Cependant, ses conceptions philosophiques étaient sensiblement en retard sur celles de son maître Tchernychevski. Le matérialisme de celui-ci était étroitement lié à la politique, à la lutte démocratique révolutionnaire pour la transformation de la société ; ses œuvres étaient pénétrées de l’esprit de la lutte de classe. Antonovitch, au contraire, portait principalement son attention sur les sciences naturelles, sur l’instruction.
Plus tard, il abandonna complètement la politique et se voua tout entier à la propagande des connaissances scientifiques. Tout en comportant des éléments de dialectique, le matérialisme d’Antonovitch est resté contemplatif, métaphysique.

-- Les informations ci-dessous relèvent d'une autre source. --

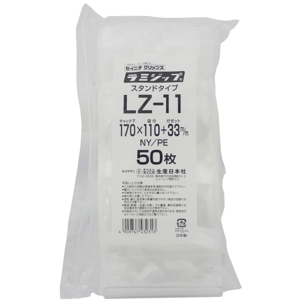ラミジップ スタンドタイプ LZ-11 170×110+33mm 50枚×26袋●ケース販売お得用【メーカー直送】
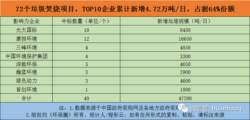 一家獨(dú)大,多強(qiáng)并進(jìn)!說(shuō)到行業(yè)集中度,先回顧一下2019年的情況。在2019年釋放的120個(gè)垃圾焚燒項(xiàng)目中,光大環(huán)境、康恒環(huán)境、中國(guó)環(huán)境保護(hù)、首創(chuàng)環(huán)境等業(yè)內(nèi)影響力企業(yè)累計(jì)中標(biāo)60座垃圾焚燒項(xiàng)目,占比全國(guó)新增項(xiàng)目的50%,日處理規(guī)模高達(dá)66550噸,約占全國(guó)新增處理規(guī)模的52%。僅光大環(huán)境一家,就“吃掉”了全國(guó)22%的份額。2019年斬獲22個(gè)項(xiàng)目新增2.87萬(wàn)噸/日規(guī)模,約占2019年全國(guó)新增處理規(guī)模的22%,在國(guó)內(nèi)垃圾焚燒版圖中,已經(jīng)實(shí)現(xiàn)了“五分天下有其一”。據(jù)筆者進(jìn)一步觀察,2020年定標(biāo)的72個(gè)垃圾焚燒項(xiàng)目,還是被業(yè)界熟知的康恒環(huán)境、光大環(huán)境、偉明環(huán)保、海螺投資、三峰環(huán)境、綠色動(dòng)力、中國(guó)環(huán)境保護(hù)等在內(nèi)22家固廢龍頭企業(yè)“瓜分”(如圖十所示)。圖十:22家固廢龍頭企業(yè)“瓜分”72個(gè)垃圾焚燒項(xiàng)目有意思的是,與2019年相比,2020年絕大多數(shù)固廢企業(yè)拿單能力減弱,比如光大環(huán)境,2019年入手了22個(gè)項(xiàng)目,新增2.87萬(wàn)噸/日的焚燒規(guī)模;而到了2020年則只斬獲了10個(gè)項(xiàng)目,新增規(guī)模不足1萬(wàn)噸/日,約8450噸/日,且集中在湖南地區(qū)。再比如城發(fā)環(huán)境,受河南垃圾焚燒市場(chǎng)的萎縮,城發(fā)環(huán)境2020中標(biāo)的垃圾焚燒項(xiàng)目減少了一半,只拿到5個(gè)項(xiàng)目,其中有4個(gè)位于河南,還有1個(gè)選址新疆昌吉市。值得一提,在其他家企業(yè)投資放緩時(shí),業(yè)界“黑馬”康恒環(huán)境則逆勢(shì)崛起,首超光大環(huán)境,2020年共獲12個(gè)垃圾焚燒訂單,新增16650噸/日處理規(guī)模,位居行業(yè)首位。繼續(xù)統(tǒng)計(jì)2020年業(yè)界十大影響力企業(yè)所占的市場(chǎng)份額,《環(huán)保圈》發(fā)現(xiàn),2020年這些企業(yè)累計(jì)斬獲40個(gè),占全國(guó)新增項(xiàng)目的57%,較2019提升了7%的增長(zhǎng)點(diǎn),累計(jì)新增規(guī)模高達(dá)4.72萬(wàn)噸/日,占全國(guó)新增規(guī)模64%,較2019提升了13%的增長(zhǎng)點(diǎn)。(如圖十一所示)圖十一:2020年TOP10影響力企業(yè)中標(biāo)數(shù)量、新增規(guī)模這再次印證,在“馬太效應(yīng)”下,垃圾焚燒領(lǐng)域“強(qiáng)者恒強(qiáng)”的局面愈發(fā)凸顯,行業(yè)集中度已由2019年的50%提升至2020的64%,“一家獨(dú)大,多強(qiáng)并進(jìn)”的局面已然形成。所以就不難理解,為何中標(biāo)的企業(yè)總是那幾家了。不過(guò)話說(shuō)回來(lái),即便這些企業(yè)拿單能力突出,跑馬圈地“圈”了許多項(xiàng)目,但并不意味著前途就一片光明,以后發(fā)展就能順風(fēng)順?biāo)恕?/span>挑戰(zhàn)其實(shí)才剛剛開始。或許前不久光大環(huán)境總裁王天義的一番話更能說(shuō)明其中的道理。他說(shuō):受國(guó)內(nèi)市場(chǎng)日趨飽和、PPP模式政府調(diào)價(jià)、國(guó)補(bǔ)退坡、垃圾分類等因素的影響,光大環(huán)境已經(jīng)感覺到“不舒適”了。

Antonovitch, critique littéraire, exigeait de l’art qu’il reflète la réalité et serve les intérêts de la société. Dans son article « L’Asmodée de notre siècle » il défend les positions révolutionnaires démocratiques contre les calomnies du camp des libéraux. Il propage et défend la théorie esthétique de Tchernychevski. Mais ses conceptions philosophiques générales étant limitées, certaines de ses thèses entraient en contradiction avec l’esprit militant de la théorie esthétique de Tchernychevski.
Absorbé, les dernières années de sa vie, par les sciences naturelles, il fonda son propre laboratoire de chimie, étudia passionnément la géologie. Il fit des recherches personnelles et des découvertes dans ce dernier domaine. Les « Œuvres philosophiques choisies » de M. Antonovitch ont paru en U.R.S.S. en 1945.